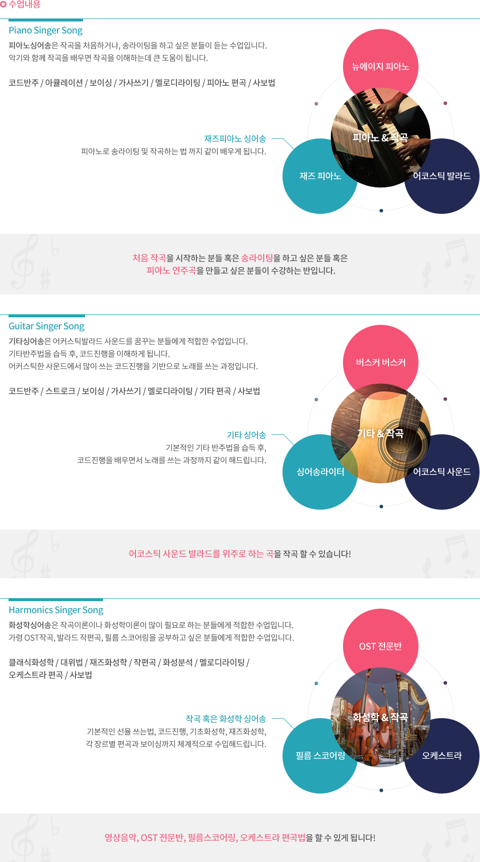 피아노와 작곡, 기타와 작곡을 혹은 화성학과 작곡을 한 시간 안에 동시에 배운다!!
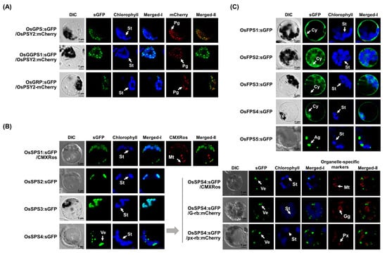To investigate the subcellular localization of rice PTs, synthetic green fluorescent protein (sGFP) was fused to their C-termini and transfected into the leaf protoplasts prepared from 10-day-old rice seedlings (Figure 6). For rice Group I families, green fluorescence for OsGPS:sGFP, OsGGPS1:sGFP and OsGRP:sGFP were similarly observed to be spread in stroma with strong spot-like patterns inside chloroplasts (Figure 6A). Two latter ones were also strongly detected in stroma (Supplementary Figure S3). To verify the subcellular structure of these spot-like patterns, an OsPSY2:mCherry construct, which is targeted into plastoglobules [38], was individually co-transfected. Green fluorescence exactly merged with red fluorescence, indicating that OsGPS, OsGGPS1 and OsGRP proteins localize mainly to both plastoglobules and stroma of chloroplasts. For rice Group II PTs, OsSPS1:sGFP, OsSPS2:sGFP, OsSPS3:sGFP and OsSPS4:sGFP were transfected into rice protoplasts and their green fluorescence resulted in different patterns in localization (Figure 6B). OsSPS1 was localized in two places of stroma and strong spot-like patterns outside chloroplasts. To verify the cellular compartmentation of OsSPS1, the Red CMXRos fluorescent signals of MitoTracker as a mitochondrial marker probe were presented as yellow signals. These signals matched with green fluorescence of OsSPS1:sGFP, indicating the dual localization to stroma and mitochondria. OsSPS2:sGFP and OsSPS3:sGFP were localized to stroma of chloroplasts. The green fluorescence for OsSPS4:sGFP was observed as big spot-like patterns, but were still in cytoplasm. To verify these unusual signals, three organelle-specific markers of MitoTracker, G-rb for Golgi apparatus and px-rb for peroxisomes with red fluorescence were co-transfected, but did not merge with the green fluorescent signal of OsSPS4:sGFP at all, proposing its cytosolic localization into some kinds of vesicles. For rice Group III PTs, five sGFP fusion constructs with OsFPS1–5 were individually transfected into rice protoplasts (Figure 6C). OsFPS1–4 nicely showed cytosolic localization patterns, but OsFPS5 was aggregated as a few big-spots, but still in cytoplasm (Figure 6C).
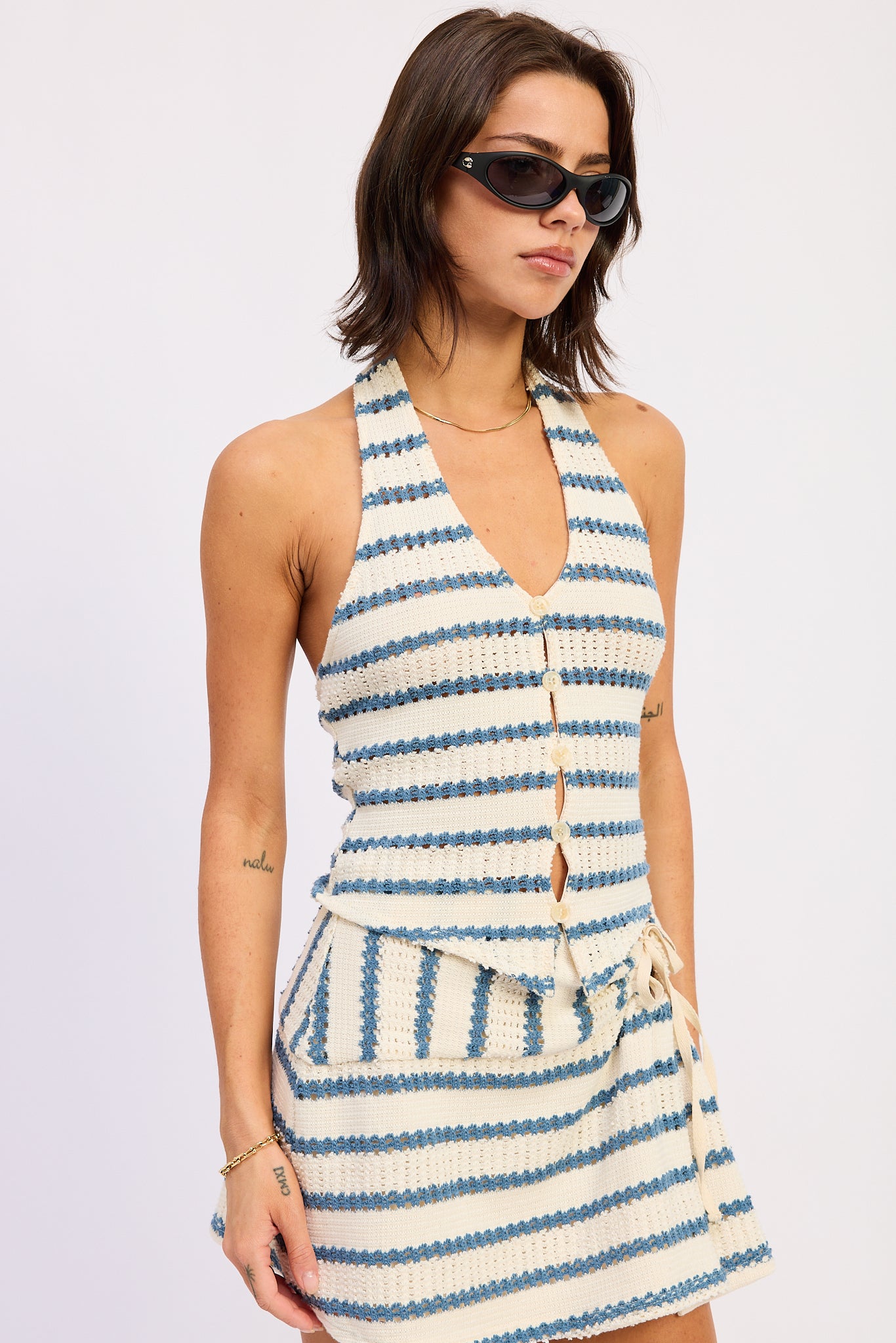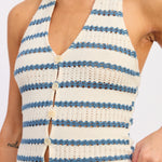Effortless vacation style starts here. This striped knit halter top delivers a flattering, breezy silhouette that transitions seamlessly from beach days to evening outings. Pair it with our matching skirt to create an instantly polished ensemble that requires zero styling effort. Lightweight and comfortable, it's the versatile piece your warm-weather wardrobe has been missing!
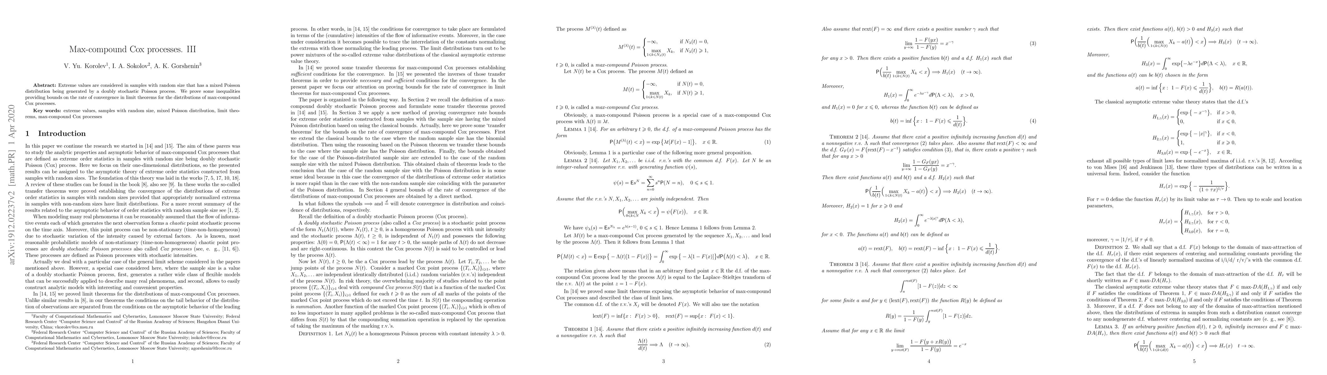 This paper investigates extreme values in samples with random size governed by a mixed Poisson distribution from a doubly stochastic Poisson process. It establishes inequalities that provide bounds on the rate of convergence in limit theorems for the distributions of max-compound Cox processes.
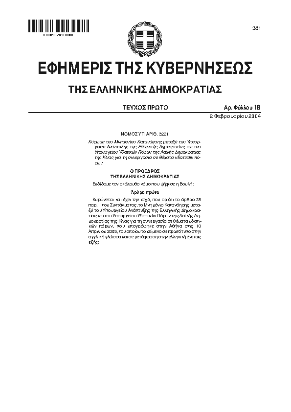 ΚΥΡΩΣΗ ΤΟΥ ΜΝΗΜΟΝΙΟΥ ΚΑΤΑΝΟΗΣΗΣ ΜΕΤΑΞΥ ΤΟΥ ΥΠΟΥΡΓΕΙΟΥ ΑΝΑΠΤΥΞΗΣ ΤΗΣ ΕΛΛΗΝΙΚΗΣ ΔΗΜΟΚΡΑΤΙΑΣ ΚΑΙ ΤΟΥ ΥΠΟΥΡΓΕΙΟΥ ΥΔΑΤΙΚΩΝ ΠΟΡΩΝ ΤΗΣ ΛΑΪΚΗΣ ΔΗΜΟΚΡΑΤΙΑΣ ΤΗΣ ΚΙΝΑΣ ΓΙΑ ΤΗ ΣΥΝΕΡΓΑΣΙΑ ΣΕ ΘΕΜΑΤΑ ΥΔΑΤΙΚΩΝ ΠΟΡΩΝ
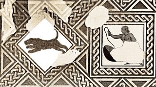 Фрагмент мозаики с изображением охотника с шестом, леопарда и женщины. Источник изображения: tandfonline.com
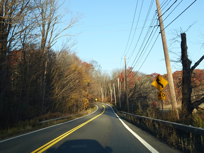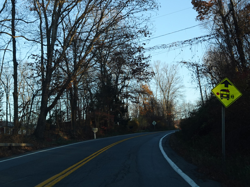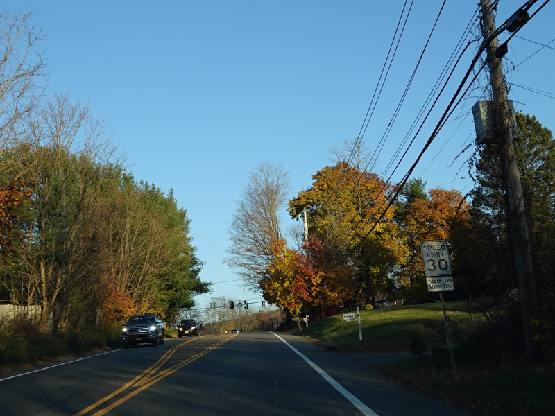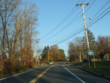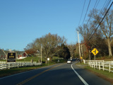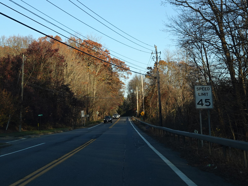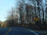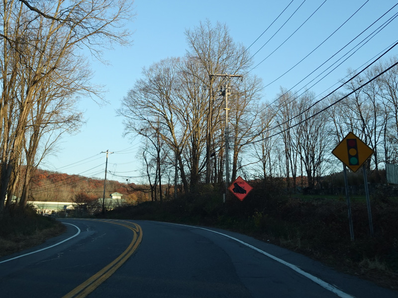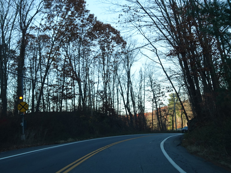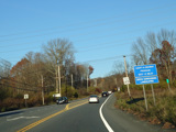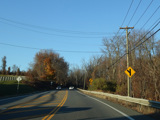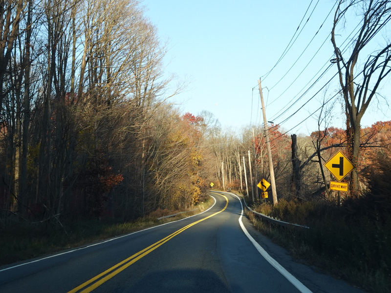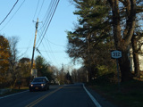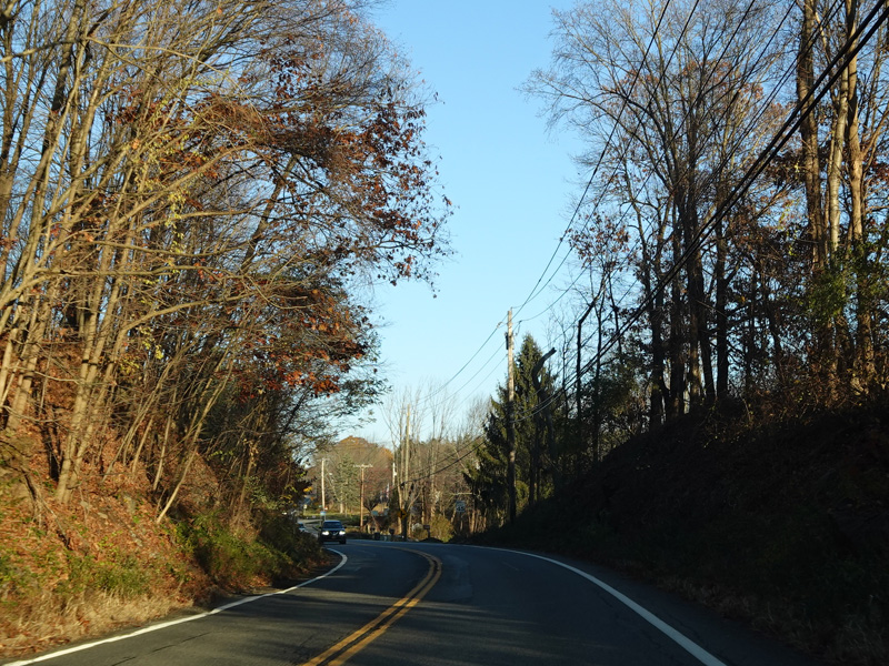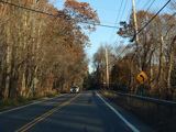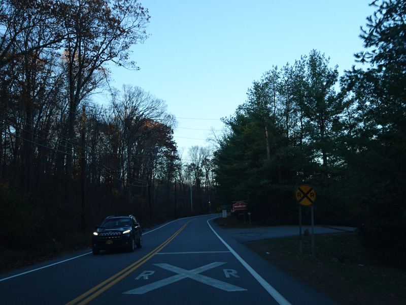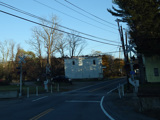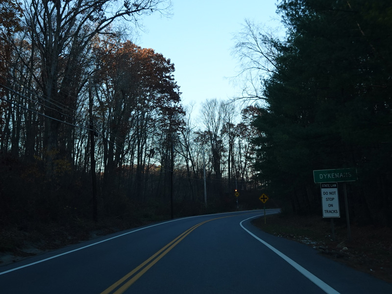 Welcome to Dykemans! There is a railroad crossing at the Harlem Line of the Metro-North Railroad. Further up the road, the Bog Brook Reservoir is on the right.

◆ Goal of the exercise
The entries are to be transcribed word for word, without their images.

◆ Output of the task
 피아노와 작곡, 기타와 작곡을 혹은 화성학과 작곡을 한 시간 안에 동시에 배운다!!
To investigate the subcellular localization of rice PTs, synthetic green fluorescent protein (sGFP) was fused to their C-termini and transfected into the leaf protoplasts prepared from 10-day-old rice seedlings (Figure 6). For rice Group I families, green fluorescence for OsGPS:sGFP, OsGGPS1:sGFP and OsGRP:sGFP were similarly observed to be spread in stroma with strong spot-like patterns inside chloroplasts (Figure 6A). Two latter ones were also strongly detected in stroma (Supplementary Figure S3). To verify the subcellular structure of these spot-like patterns, an OsPSY2:mCherry construct, which is targeted into plastoglobules [38], was individually co-transfected. Green fluorescence exactly merged with red fluorescence, indicating that OsGPS, OsGGPS1 and OsGRP proteins localize mainly to both plastoglobules and stroma of chloroplasts. For rice Group II PTs, OsSPS1:sGFP, OsSPS2:sGFP, OsSPS3:sGFP and OsSPS4:sGFP were transfected into rice protoplasts and their green fluorescence resulted in different patterns in localization (Figure 6B). OsSPS1 was localized in two places of stroma and strong spot-like patterns outside chloroplasts. To verify the cellular compartmentation of OsSPS1, the Red CMXRos fluorescent signals of MitoTracker as a mitochondrial marker probe were presented as yellow signals. These signals matched with green fluorescence of OsSPS1:sGFP, indicating the dual localization to stroma and mitochondria. OsSPS2:sGFP and OsSPS3:sGFP were localized to stroma of chloroplasts. The green fluorescence for OsSPS4:sGFP was observed as big spot-like patterns, but were still in cytoplasm. To verify these unusual signals, three organelle-specific markers of MitoTracker, G-rb for Golgi apparatus and px-rb for peroxisomes with red fluorescence were co-transfected, but did not merge with the green fluorescent signal of OsSPS4:sGFP at all, proposing its cytosolic localization into some kinds of vesicles. For rice Group III PTs, five sGFP fusion constructs with OsFPS1–5 were individually transfected into rice protoplasts (Figure 6C). OsFPS1–4 nicely showed cytosolic localization patterns, but OsFPS5 was aggregated as a few big-spots, but still in cytoplasm (Figure 6C).
Effortless vacation style starts here. This striped knit halter top delivers a flattering, breezy silhouette that transitions seamlessly from beach days to evening outings. Pair it with our matching skirt to create an instantly polished ensemble that requires zero styling effort. Lightweight and comfortable, it's the versatile piece your warm-weather wardrobe has been missing!
 This paper investigates extreme values in samples with random size governed by a mixed Poisson distribution from a doubly stochastic Poisson process. It establishes inequalities that provide bounds on the rate of convergence in limit theorems for the distributions of max-compound Cox processes.
 ΚΥΡΩΣΗ ΤΟΥ ΜΝΗΜΟΝΙΟΥ ΚΑΤΑΝΟΗΣΗΣ ΜΕΤΑΞΥ ΤΟΥ ΥΠΟΥΡΓΕΙΟΥ ΑΝΑΠΤΥΞΗΣ ΤΗΣ ΕΛΛΗΝΙΚΗΣ ΔΗΜΟΚΡΑΤΙΑΣ ΚΑΙ ΤΟΥ ΥΠΟΥΡΓΕΙΟΥ ΥΔΑΤΙΚΩΝ ΠΟΡΩΝ ΤΗΣ ΛΑΪΚΗΣ ΔΗΜΟΚΡΑΤΙΑΣ ΤΗΣ ΚΙΝΑΣ ΓΙΑ ΤΗ ΣΥΝΕΡΓΑΣΙΑ ΣΕ ΘΕΜΑΤΑ ΥΔΑΤΙΚΩΝ ΠΟΡΩΝ
 Фрагмент мозаики с изображением охотника с шестом, леопарда и женщины. Источник изображения: tandfonline.com
 Welcome to Dykemans! There is a railroad crossing at the Harlem Line of the Metro-North Railroad. Further up the road, the Bog Brook Reservoir is on the right.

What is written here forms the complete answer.